WHAT THIS TASK INVOLVES
Could you copy exactly the lines below from the one with "地铁15号线一期工程西起细柳" to the one with "grandi rotoli di", inclusive, leaving out any pictures?

RECORDED INFORMATION
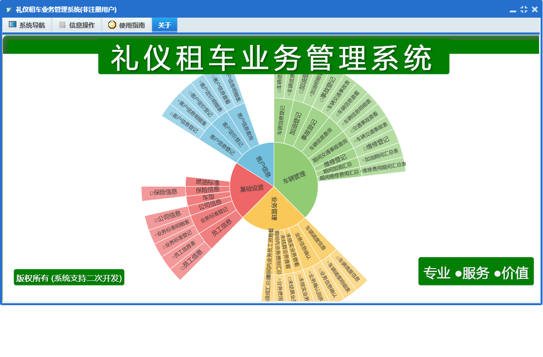 礼仪租车业务管理系统包含以下功能:期间交通事故查询、基础设置、车辆信息登记、维修登记、车辆管理、未结算业务查看、客户定价登记、加油登记、车辆调度信息、未核实业务查看、公司信息、业务标准登记、事故登记、权限设置、车辆信息查询、客户信息登记、关于、客户信息、业务信息确认、业务管理、员工信息、保险信息、日志、客户信息查询等
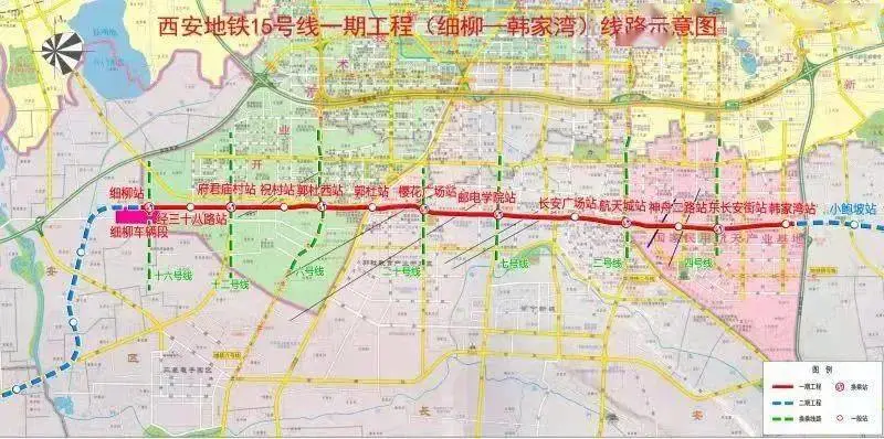 地铁15号线一期工程西起细柳站,东至韩家湾站,是横贯我市主城区南部的一条骨干线,该线路串联了高新、长安、航天三个区域,线路全长约19.5千米,均为地下线,共设车站13座,与已运营的2、4号线和即将开通的6号线换乘衔接。线路计划采用A型6辆编组电客车,搭载全自动驾驶技术,每小时最高运行速度可达100公里。线路建成运营后,将极大缩短长安大学城与相邻产业园以及城区的空间距离,对促进我市南部的科创教育、文化旅游以及快速发展具有重要意义。
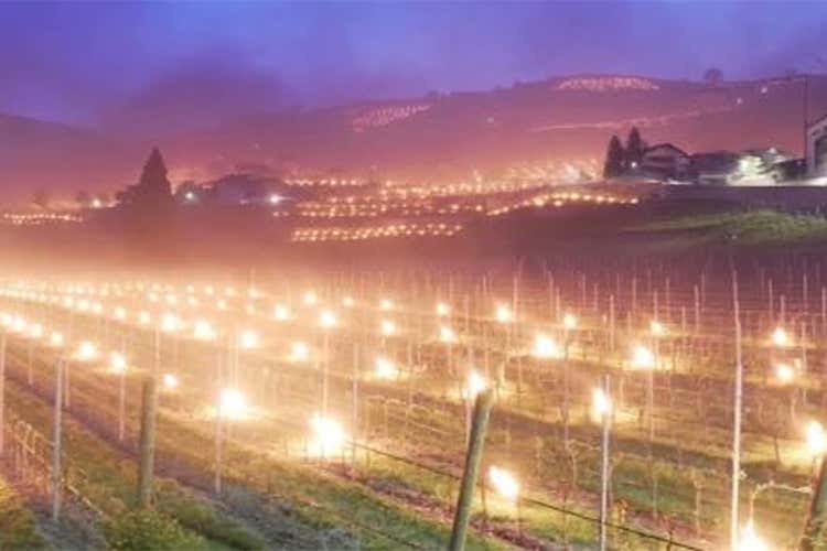 grandi rotoli di paglia posizionati nei vigneti. L’obiettivo è generare fumo e calore a bassa altezza bruciando lentamente la paglia bagnata. Il risultato visivo è suggestivo, quello sui vigneti lo si scoprirà tra qualche giorno».
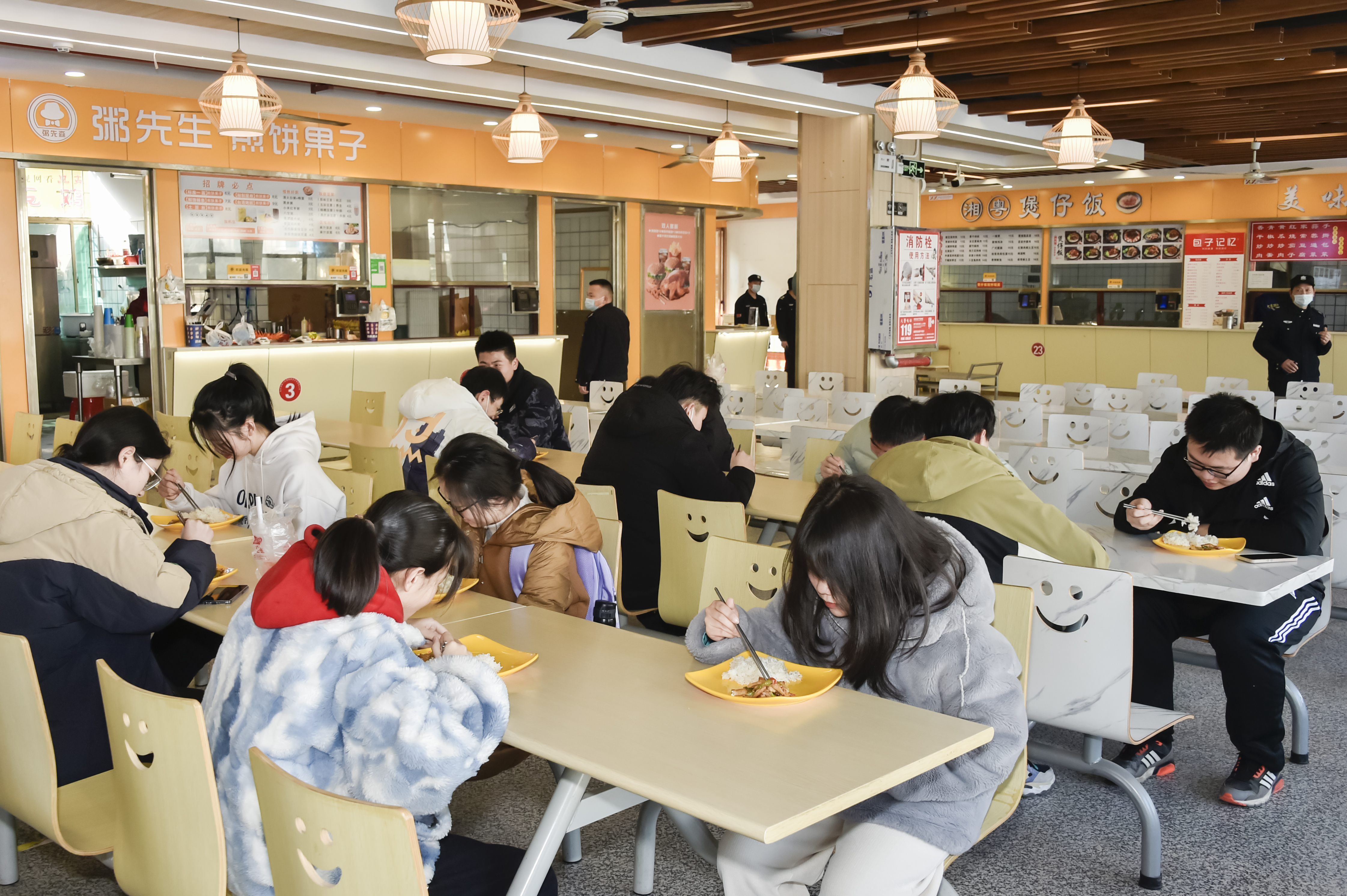 场景三一食堂:食品安全委员会巡查员以发现正在就餐的A学生精神不佳,并偶有干咳、流鼻涕等症状为背景,模拟了立即报告应急救治处置组,处置组立即将A同学带到隔离区,校医在隔离区再次进行体温确认后,报告指挥长并转市属医院。指挥长带领秩序保卫组立即进入食堂就餐厅,稳定餐厅秩序,同时做好就餐厅其他学生的心理安抚,做好食堂就餐庁的通风工作,并应急救治处置组将现场就餐学生引导至学校隔离观察室,消毒组立即对食堂就餐厅进行全面消毒。

EXERCISE SOLUTION
 地铁15号线一期工程西起细柳站,东至韩家湾站,是横贯我市主城区南部的一条骨干线,该线路串联了高新、长安、航天三个区域,线路全长约19.5千米,均为地下线,共设车站13座,与已运营的2、4号线和即将开通的6号线换乘衔接。线路计划采用A型6辆编组电客车,搭载全自动驾驶技术,每小时最高运行速度可达100公里。线路建成运营后,将极大缩短长安大学城与相邻产业园以及城区的空间距离,对促进我市南部的科创教育、文化旅游以及快速发展具有重要意义。
 grandi rotoli di paglia posizionati nei vigneti. L’obiettivo è generare fumo e calore a bassa altezza bruciando lentamente la paglia bagnata. Il risultato visivo è suggestivo, quello sui vigneti lo si scoprirà tra qualche giorno».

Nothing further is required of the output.